To control for multiple comparisons, q values (qup and qdown) were calculated in a process similar to the one described above. The five sample labels (wild type and Irs1, -2, -3 and -4 knockout) were randomly permuted 100 times. The genes were subjected to the same Bartholemew’s test each time, and qup and qdown were computed as the ratio of the number of false positives that we would expect over the total number of significant genes if the gene were called significant. We plotted qup and qdown versus the number of significant genes if each q value were used as the threshold, and chose the region qup and qdown < 0.03, which corresponds to pup < 0.27 and pdown < 0.47 (see Supplementary Information, Fig. S1). The qup and qdown values for significant genes are reported in the Supplementary Information, Table S1.

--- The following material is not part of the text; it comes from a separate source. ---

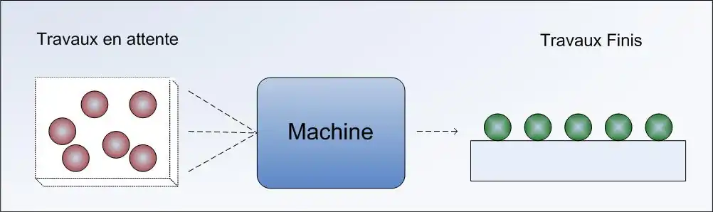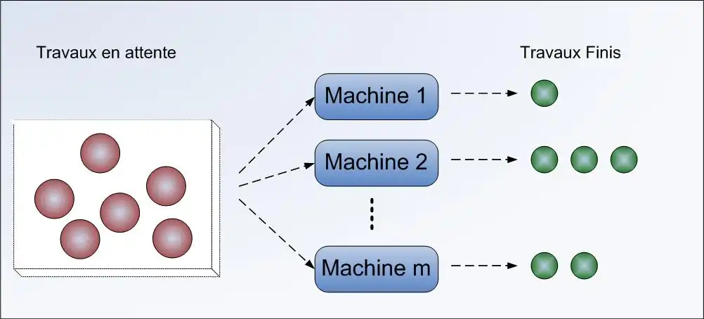 Dans ce cas, on dispose d’un ensemble de machines identiques pour réaliser les travaux. Les travaux se composent d’une seule opération et un travail exige une seule machine. L’ordonnancement s’effectue en deux phases : la première phase consiste à affecter les travaux aux machines et la deuxième phase consiste à établir la séquence de réalisation sur chaque machine.

All permutation was done by assigning each sample label to be permuted a random number from a uniform distribution, and sorting by this number to shuffle those labels.

Eighteen genes were selected for Q-RT–PCR validation (see below) on the basis of pirs value or biological interests. Of these, 11 genes show concordant (that is, same direction) and significant changes (61.1%). In the remaining seven selected genes, expression of four genes was still concordant with the array data. Thus, a total of 15 out of the 18 genes that were assessed (83.3%) showed concordant changes in Q-RT–PCR and the microarray analysis.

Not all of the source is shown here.